This three-part article is continued from:
Historical Doubts Concerning One "Covenant of Grace" - Part Two.

d) Gal 3:19 and 14

These verses are also mentioned as proofs of Infant Baptism by the compilers of the Westminster Confession, and a recent Presbyterian edition links them with Gen. 17:7 and 9. These passages no doubt show that blessings promised to Abraham are available to all Jews and Gentiles, who have the same faith in God that he had, and this might lead to the idea that in some sense, blessings of the Abrahamic Covenant are included in the New Covenant. But in what sense, would still need to be established.

But none of this establishes that there is only "one covenant." On the contrary, it shows that when it was superceded, the Old Covenant blessings were absorbed into, fulfilled by, and superceded by New Covenant blessings, which fulfilled or satisfied the promises of the Old.

It simply does not follow from the fulfillment of Old Covenant blessings in the New that there is only "one" covenant. And even if it did, it still would not follow that the administration of the New included the sign's being given to infants, any more than it must follow that the Lord's Supper must be given to infants.

e) Mark 10:13-16

This type of passage is an example of how desperate for NT "evidence" for Infant Baptism the Paedobaptist can become, and this goes for the Westminster Divines as well. The passage not only contains no notice of Infant Baptism, but not even of believer's baptism either.

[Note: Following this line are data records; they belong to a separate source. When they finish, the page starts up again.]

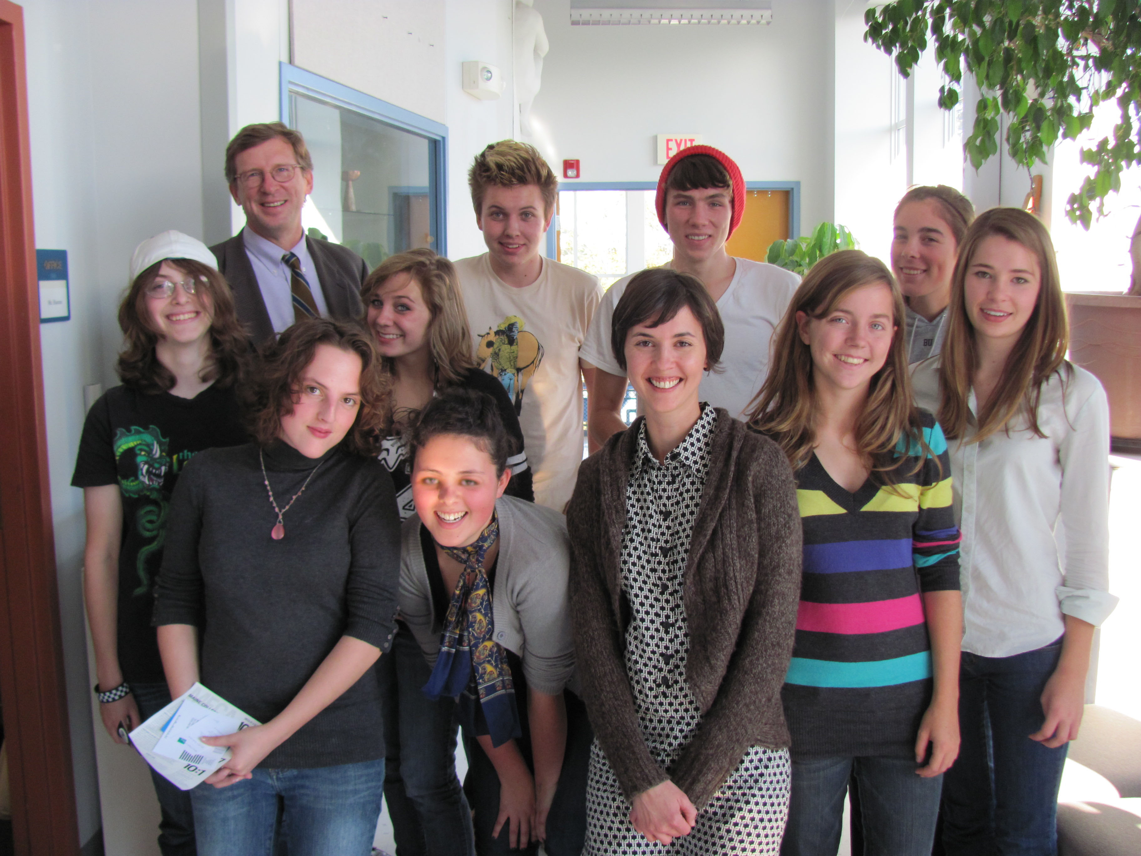The president of the Maine College of Art (MECA) , Donald Tuski, visited Belfast Area High School (BAHS) on Oct. 26th. He was there, along with admissions representative Shannon Cote, to speak to Mr. Hamm’s Art Portfolio class and to tour the Fine Arts facility. Tuski says: “I just love what you have going on, here in Belfast“. BAHS students have traditionally received generous support from the Portland College due to their strong drawing portfolios and diverse experiences in the arts.
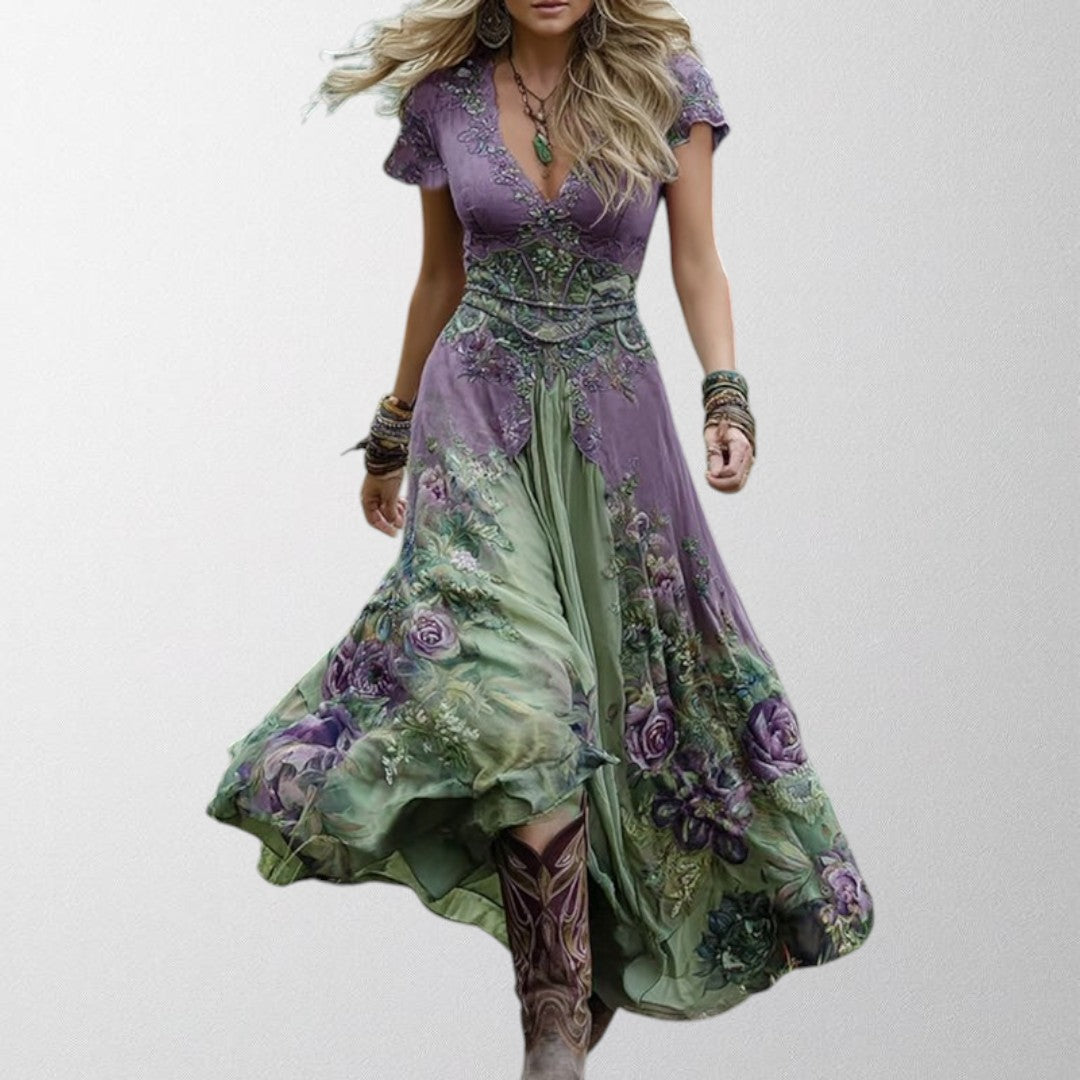 Olivia - Floral Printed Short Maxi Dress
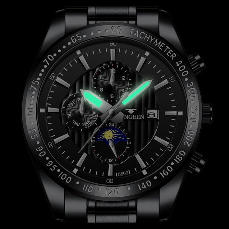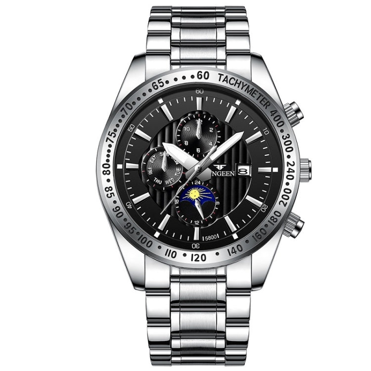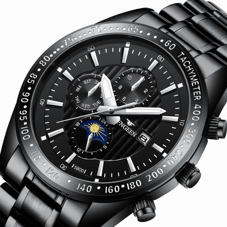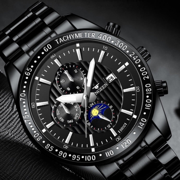 FNGEEN 5800 Men Three Eyes and Six Pins Watch Student Quartz Watch, Black Steel Black Surface, Black Steel White Surface, White Steel Black Surface, White Steel White Surface, Black Leather Black Steel Black Surface...
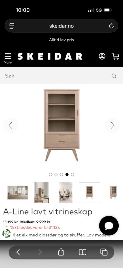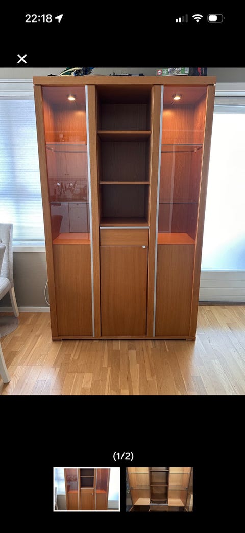 Vitrineskap selges
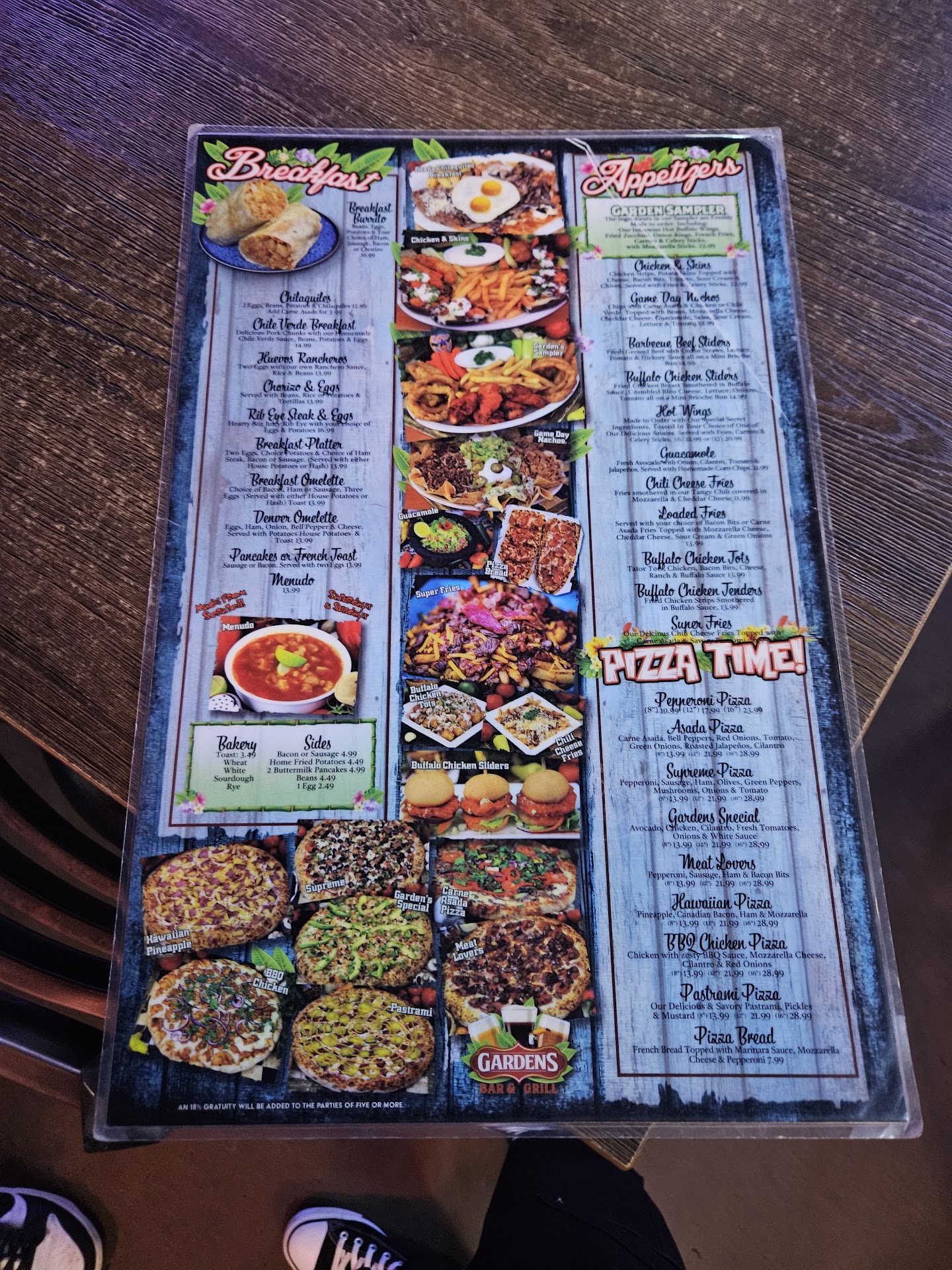 During my first visit to Gardens Bar & Grill, I enjoyed the tremendous relief of the A/C on a scorching day. Our waitress promptly greeted us and was polite and attentive, although I didn't catch her name. We were there to celebrate my birthday but decided not to order any food. The bar offers a wide variety of cold beers served in chilled mugs. As the servers passed by with other customers' orders, I couldn't help but notice the delicious-looking food. Intrigued, I asked for a menu and was surprised by the extensive selection. The bar also has plenty of TVs showing various sports and is willing to accommodate requests for specific games. The Gardens Bar & Grill has gained a new customer, and I will be...
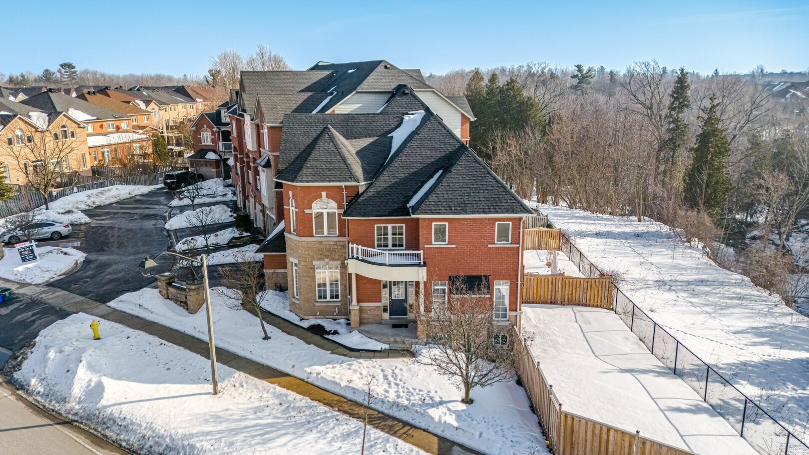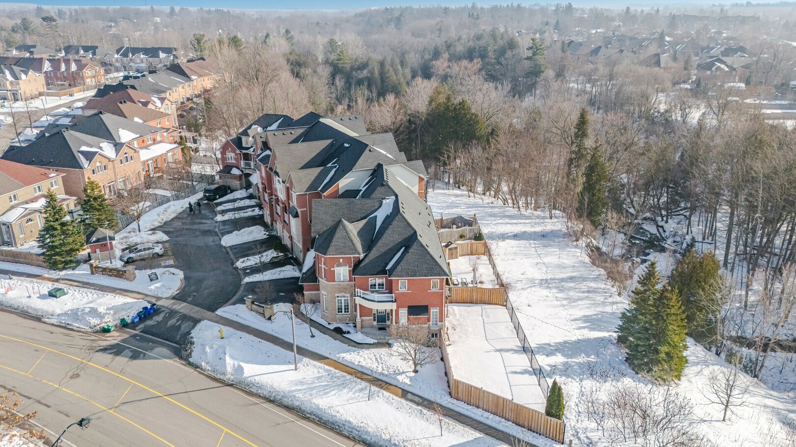 Rare End Unit 3 Bedroom 3 Bath Townhome In Prestigious Highbush Community in Pickering * Almost 2000 Sq. Ft. * Steps to Parks and Trails * Backs Onto Green Space ** 76 Ft. Wide Rear ** 17 Ft. Ceiling in Grand Foyer * 9 Ft Ceilings on Main Floor * Hardwood Flooring On Main & Second Floor * Spacious Open-Concept Layout * Living Room Features Gas Fireplace * Dining Room With Coffered Ceilings * Spacious Kitchen with Granite Countertop * Kitchen Gas Line Available* Breakfast Area With Walk-out to Balcony * Primary Bedroom With Walk-In Closet & 5-Piece Ensuite* Walk Out Basement With Separate Entrance - Easy to Make Basement Apartment * Convenient Garage Access * Family-Friendly Neighbourhood Close To Top-Rated Schools, Shopping & Transit * Ten Minutes to Hwy 401, 407 & GO Station * Exceptional Opportunity In A Highly Sought-After Location * Roof (6yrs) * Furnace (2yrs)

Parents brought their children to Jesus so he could "touch" them. This he did, blessing them, not baptizing them. The word for "children" is paidia which includes all children from birth to adulthood. The parallel passages (Mt. 19:13-15 and Lk. 18:15-17) use both paidia and brephe (Lk only) but this only indicates that some of the children were very young, possibly babes-in-arms.

The significance of the passage is obvious; children should have free access to Jesus, a fact that has encouraged child evangelism. Jesus does not say that all children are saved, or even that all children are part of God's kingdom. He says that those people who are in the kingdom are there because they are in some sense "of such as (like) these children." Almost all commentators agree that the emphasis here is that membership in God's kingdom is characterized by child-like trust and dependence on God.

Baptists have often responded to this verse by holding child-dedication ceremonies in their churches, but they do not demand that everyone do this, since they know quite well that Scripture does not command dedication ceremonies for babies any more than it does for boats or pets. They do however, recognize the responsibility of the body of Christ for the children under its influence, and child dedication in a church service is a reasonable teaching tool to impress this on a church meeting.

If Jesus intended this event to authorize Infant Baptism, he certainly made no attempt here to make this clear. It reflects badly on God's competence as a communicator that such wonderful opportunities as these were not used to underscore that God wants the children of believers baptized. Yet paedobaptists often speak as if it were perfectly obvious that the "household baptisms" must imply that babies were baptized along with adults.

f) Acts 16:14,15 and 33

These verses are referred to by the Confession of Faith as cases of Infant Baptism. Once more, no men-don of infants appears: it is merely inferred from the word "household." In the case of Lydia, who seems to have been a merchant woman on a business trip away from home, why anyone would expect to find babies in such a moving household is hard to say. And even if there was one present, it leaps the fence of logic to assume it was baptized.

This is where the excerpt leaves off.